'''
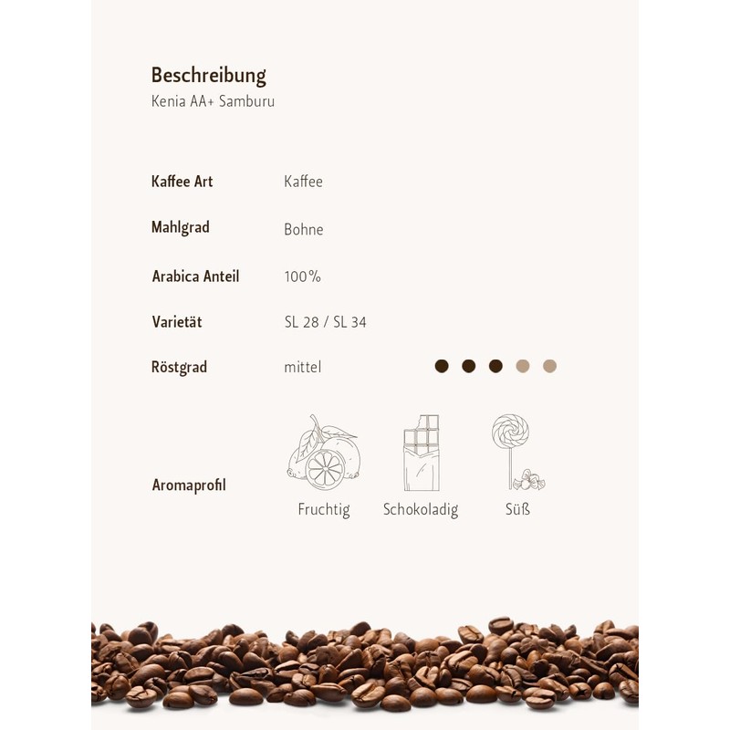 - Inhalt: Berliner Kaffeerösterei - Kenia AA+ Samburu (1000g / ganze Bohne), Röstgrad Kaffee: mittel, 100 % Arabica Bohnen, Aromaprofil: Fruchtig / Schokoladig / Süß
'''
'''
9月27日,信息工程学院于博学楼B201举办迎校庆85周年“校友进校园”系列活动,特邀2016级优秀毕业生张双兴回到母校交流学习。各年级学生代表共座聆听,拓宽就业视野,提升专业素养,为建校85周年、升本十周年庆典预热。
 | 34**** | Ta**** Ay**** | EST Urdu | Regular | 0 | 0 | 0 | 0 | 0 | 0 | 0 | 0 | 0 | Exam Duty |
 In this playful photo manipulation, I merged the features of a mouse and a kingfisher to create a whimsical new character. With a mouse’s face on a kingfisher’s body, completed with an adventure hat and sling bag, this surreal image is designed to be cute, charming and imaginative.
'''
'''
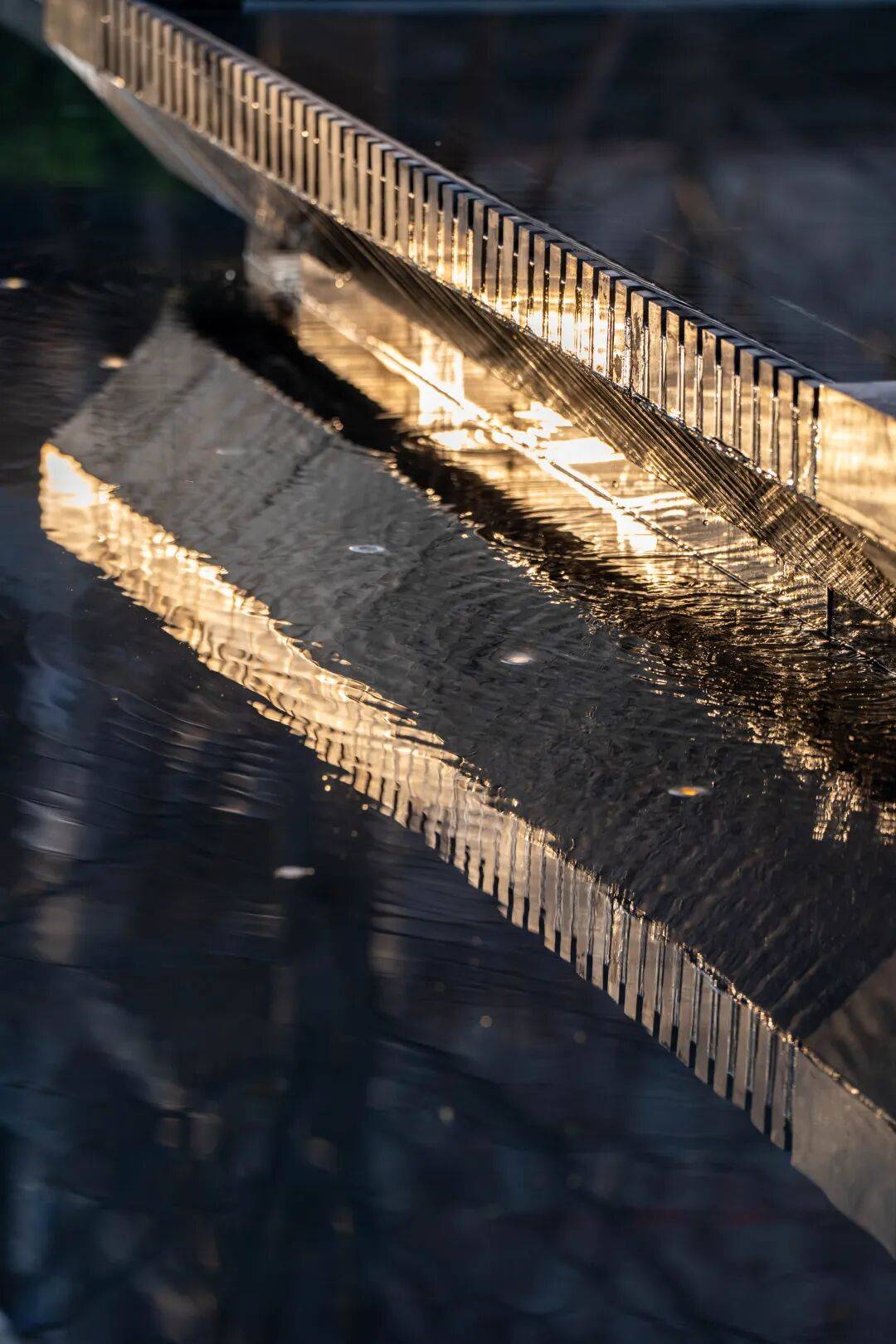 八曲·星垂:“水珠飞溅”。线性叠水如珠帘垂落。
'''
▶ [About this task]:
Only the lines above starting with the one with "9月27日,信息工程学院于博" and going through the one with "Exam Duty |" are to be copied, word for word and with both ends kept.

▶ [Solution for this task]:
9月27日,信息工程学院于博学楼B201举办迎校庆85周年“校友进校园”系列活动,特邀2016级优秀毕业生张双兴回到母校交流学习。各年级学生代表共座聆听,拓宽就业视野,提升专业素养,为建校85周年、升本十周年庆典预热。
 | 34**** | Ta**** Ay**** | EST Urdu | Regular | 0 | 0 | 0 | 0 | 0 | 0 | 0 | 0 | 0 | Exam Duty |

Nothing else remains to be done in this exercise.